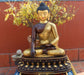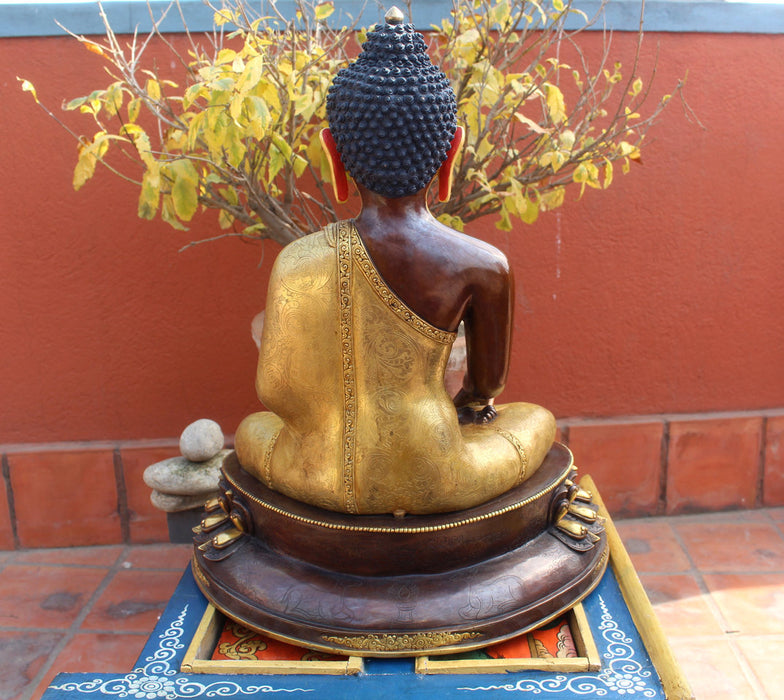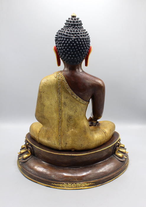 Shakyamuni Buddha Statue is seated in Dhyana Asana or Meditative Pose, also called Padmasana. In this position, the legs are crossed, closely locked with the soles of both feet visible. Lord Buddha is wearing a detailed carved monastic robe incised with floral motifs. He is seated on a single lotus base also known as Padmasana. His left hand is in the earth touching gesture or bhumisparsha mudra, while his right hand holds a medicine bowl.
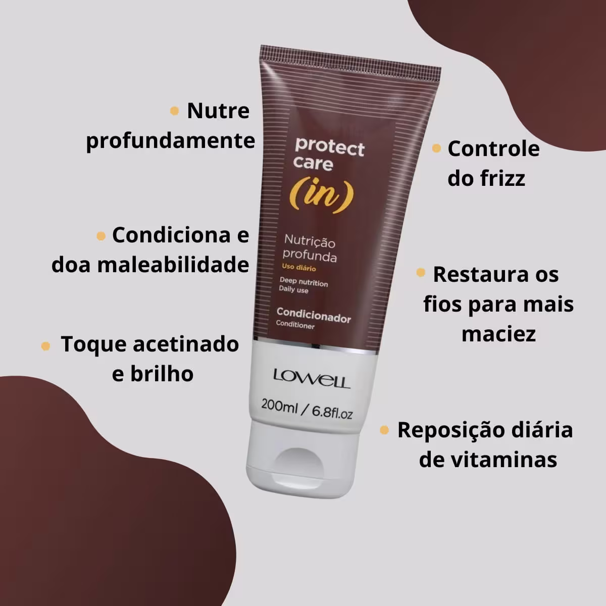 - Condicionador Lowell Protect Care In: oferece a reposição diária de vitaminas essenciais que nutrem, condicionam e restauram a maciez.
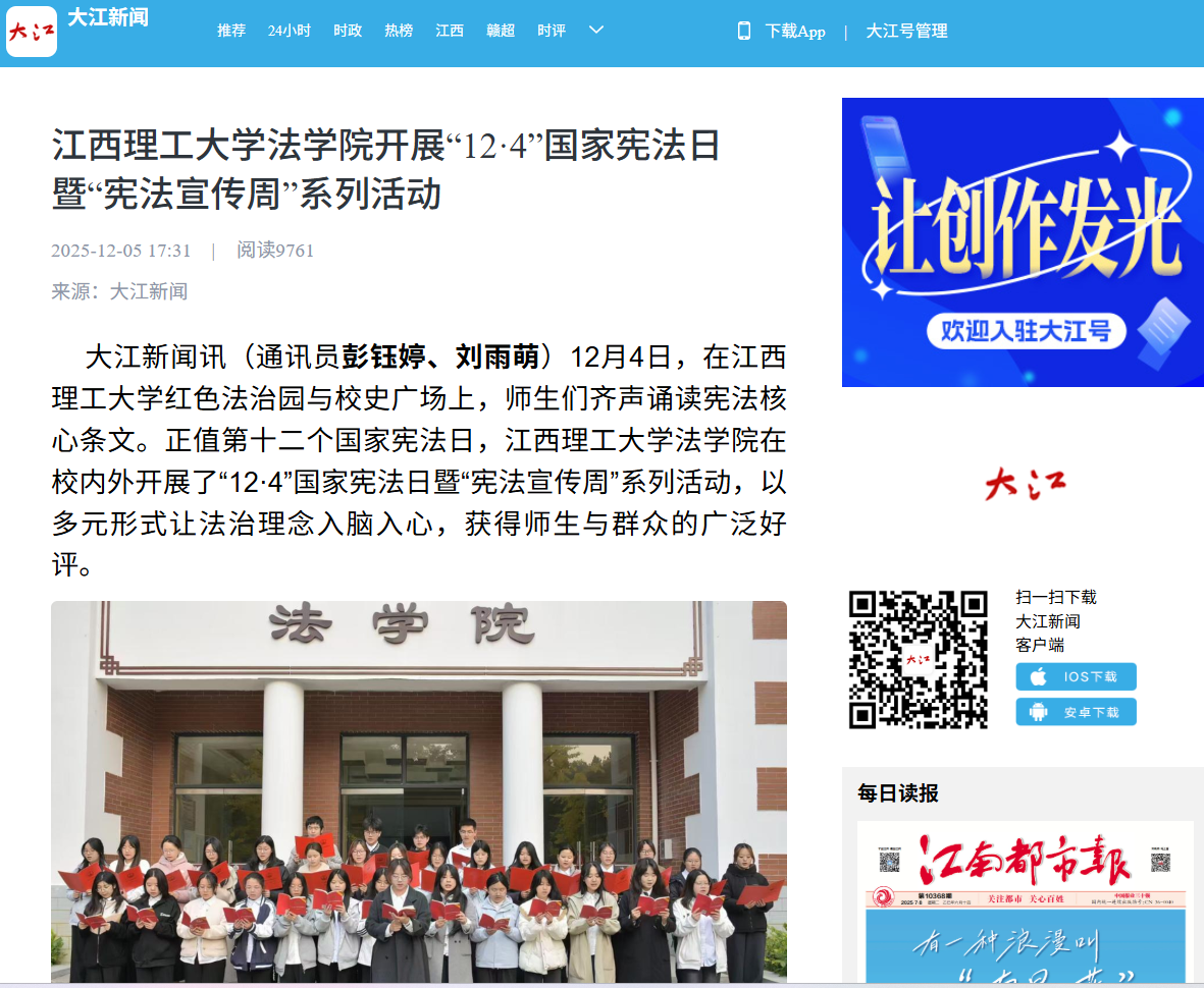 《大江新闻》:江西理工大学法学院开展“12·4”国家宪法日暨“宪法宣传周”系列活动

WORK REQUIRED → From the first line of the listing above, repeat every line through the one holding "- Condicionador Lowell". Both ends count, and pictures stay out.

RESULT FOR THIS EXERCISE →
 Shakyamuni Buddha Statue is seated in Dhyana Asana or Meditative Pose, also called Padmasana. In this position, the legs are crossed, closely locked with the soles of both feet visible. Lord Buddha is wearing a detailed carved monastic robe incised with floral motifs. He is seated on a single lotus base also known as Padmasana. His left hand is in the earth touching gesture or bhumisparsha mudra, while his right hand holds a medicine bowl.
 - Condicionador Lowell Protect Care In: oferece a reposição diária de vitaminas essenciais que nutrem, condicionam e restauram a maciez.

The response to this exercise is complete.